EXERCISE DESCRIPTION:
In the records below, find the line with "因为磷酸铁锂电池单节电池3.", then retype it and every following line exactly, stopping after the line with "山西省右玉縣南山森林公園一角(5月18日攝,無(wú)人機(jī)照片)。". Leave the pictures out.

EXERCISE MATERIALS:
┄┄┄┄┄┄┄┄┄┄

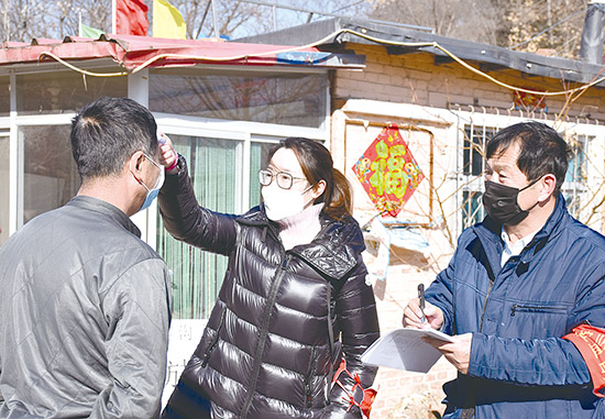 2월 5일 오전, 진안구 구련성진 전체직원들은 전염병 예방통제 최전선에서 굳게 지켰다. 사진은 요구촌 길목에서, 진촌 간부들이 출입인원에 대해 엄격한 등록과 체온을 측정하는 장면이다. (기자 류해동 찍음).
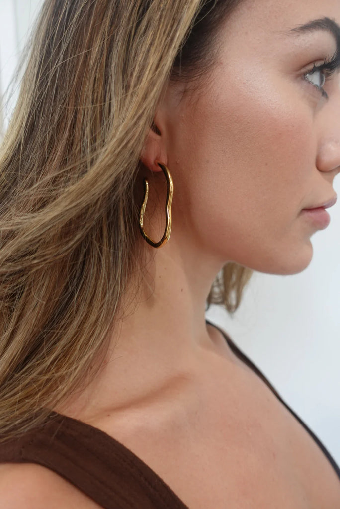 The Orah Hoop is the perfect gold hoop to spice up any outfit! It's unique curved shaped makes it stand out but still have an elegant and edgy appeal.
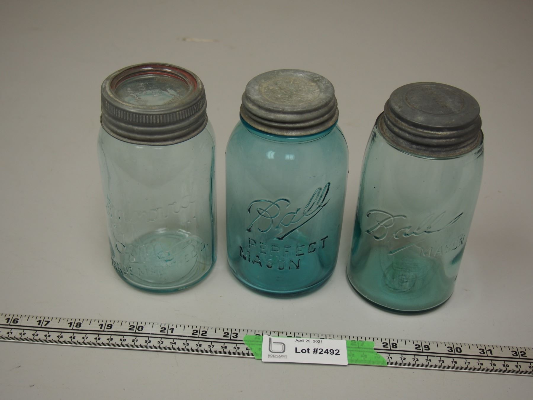 (3X THE MONEY) Vintage Blue Mason Jars (3)
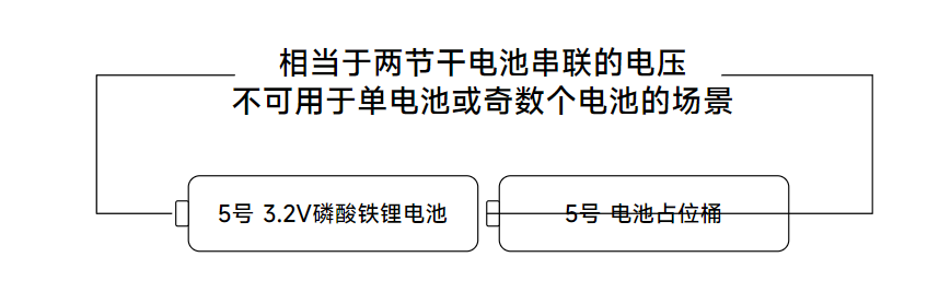 因为磷酸铁锂电池单节电池3.2V,使用在两节电池的场境下,必须配合一节假电池使用,如果使用两节磷酸铁锂电池,不保证会不会烧毁电器。
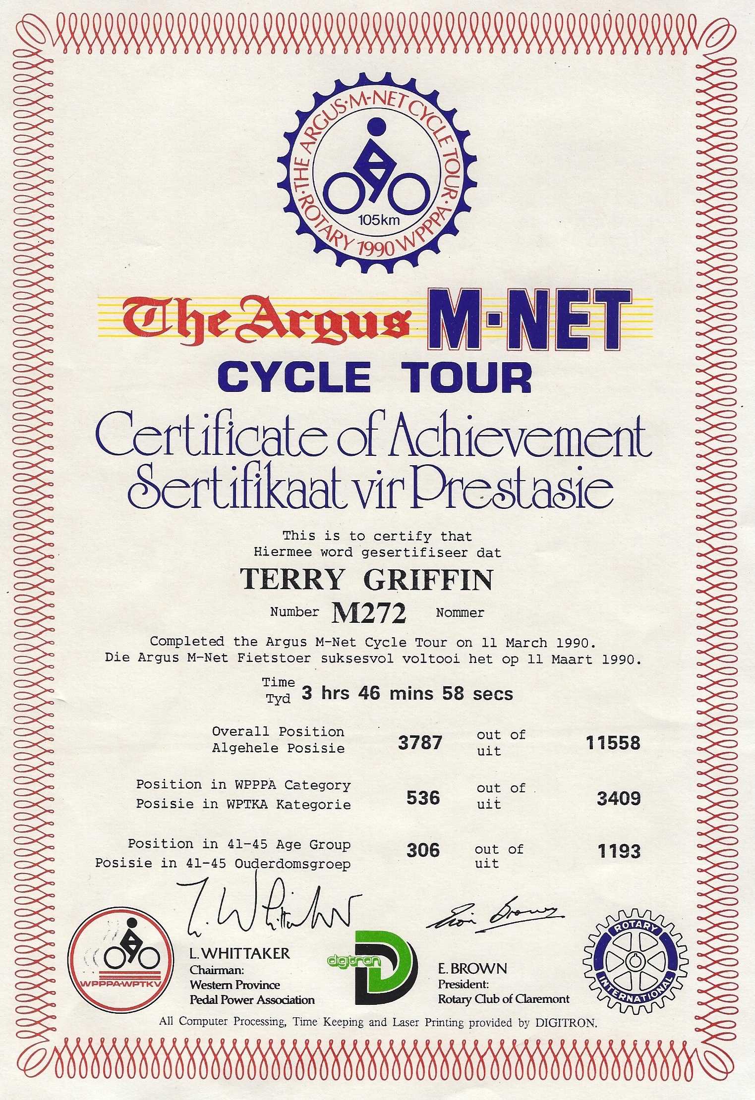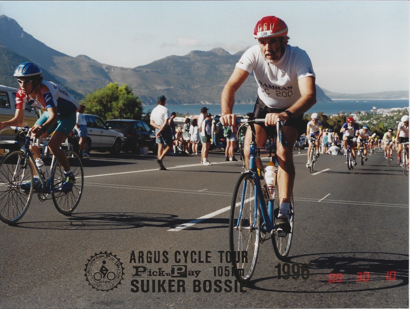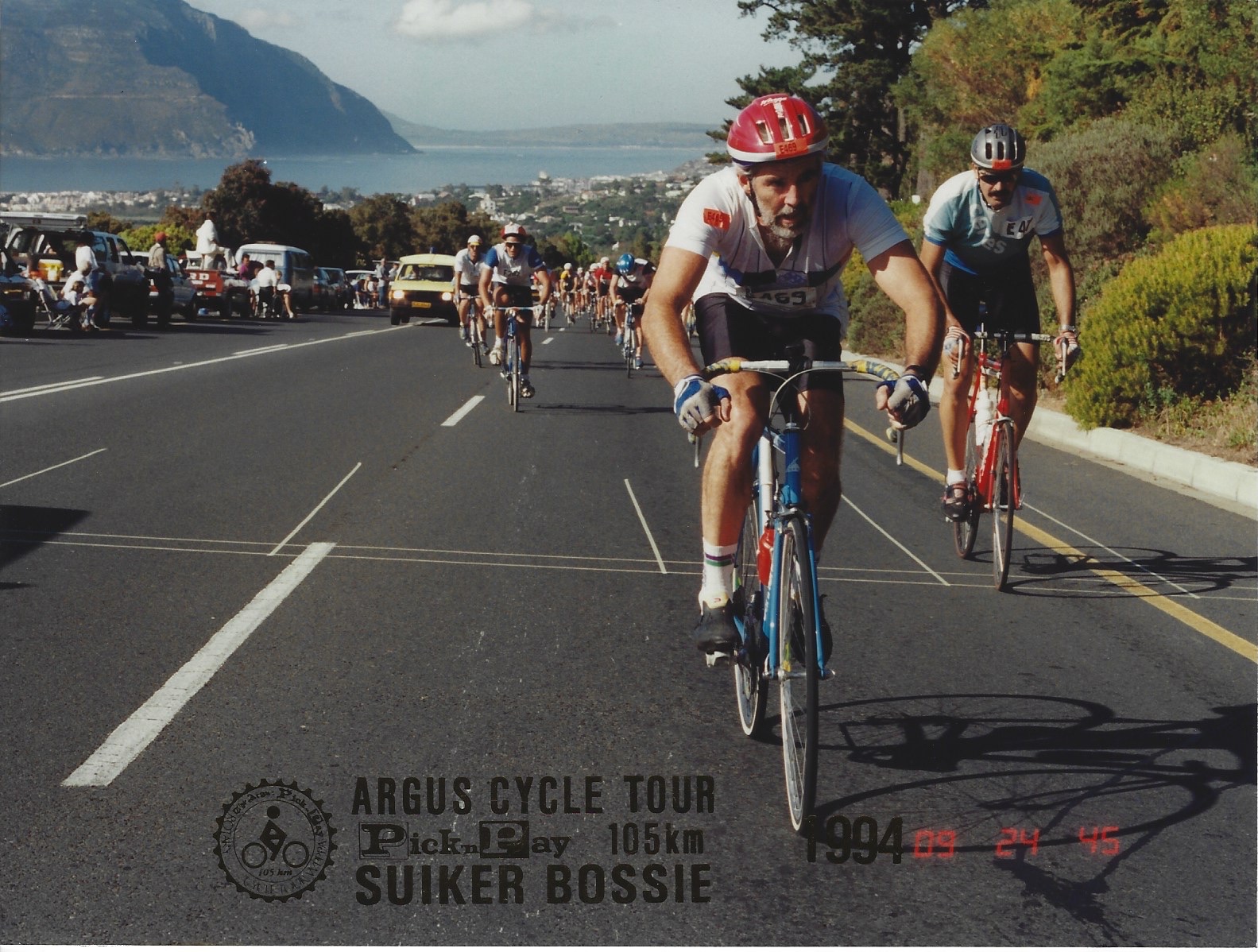 Towards the end of 1989 my friend Eric Newton sold me his elderly Raleigh bike and persuaded me to enter the Argus. He and a number of other friends had already been doing the Argus for a few years: Pete de Jager, Sean Pope, Steven Bertie-Roberts, and others. Since I was living in Hout Bay at the time, my first training ride was half way up Chappies!
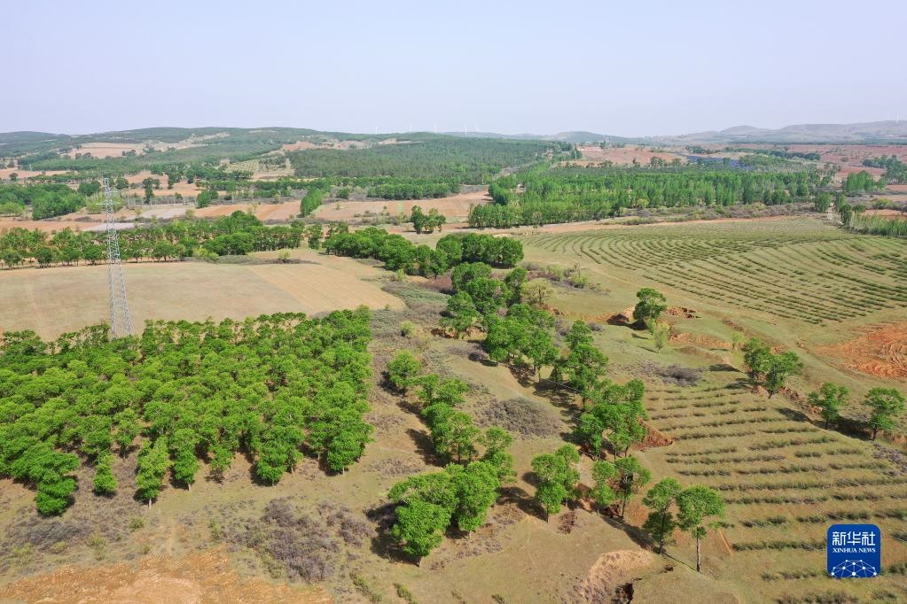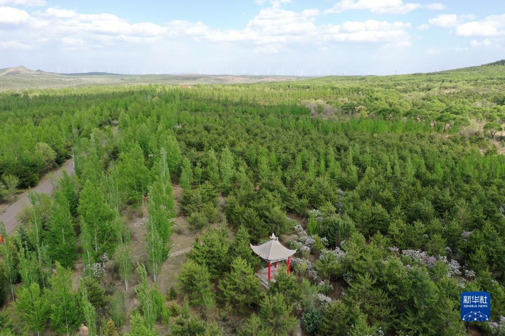 山西省右玉縣南山森林公園一角(5月18日攝,無(wú)人機(jī)照片)。
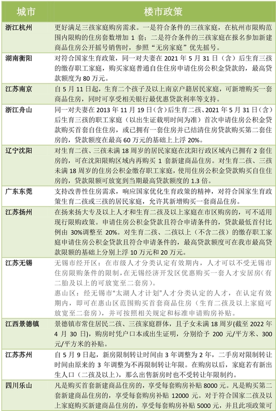 出台类似政策的还有东莞和沈阳。东莞于5月14日发布的《关于促进房地产市场平稳健康发展的通知》中提到,支持改善性住房需求,响应国家优化生育政策的精神,对符合国家生育政策生育二孩或三孩的居民家庭,允许其新增购买一套商品住房。
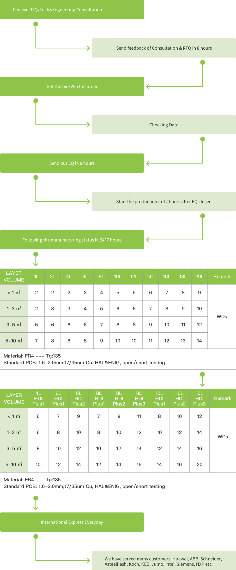 We can offer short lead time through rapid logistics. We can communicate technical details with you through phone, email, video meetings or site meetings. Your strong cooperation will make it easier for us and we will provide real-time and in-depth technical support to turn your PCB products from conceptual design to volume production.

┄┄┄┄┄┄┄┄┄┄

ANSWER TO THIS TASK:
 因为磷酸铁锂电池单节电池3.2V,使用在两节电池的场境下,必须配合一节假电池使用,如果使用两节磷酸铁锂电池,不保证会不会烧毁电器。
 Towards the end of 1989 my friend Eric Newton sold me his elderly Raleigh bike and persuaded me to enter the Argus. He and a number of other friends had already been doing the Argus for a few years: Pete de Jager, Sean Pope, Steven Bertie-Roberts, and others. Since I was living in Hout Bay at the time, my first training ride was half way up Chappies!
 山西省右玉縣南山森林公園一角(5月18日攝,無(wú)人機(jī)照片)。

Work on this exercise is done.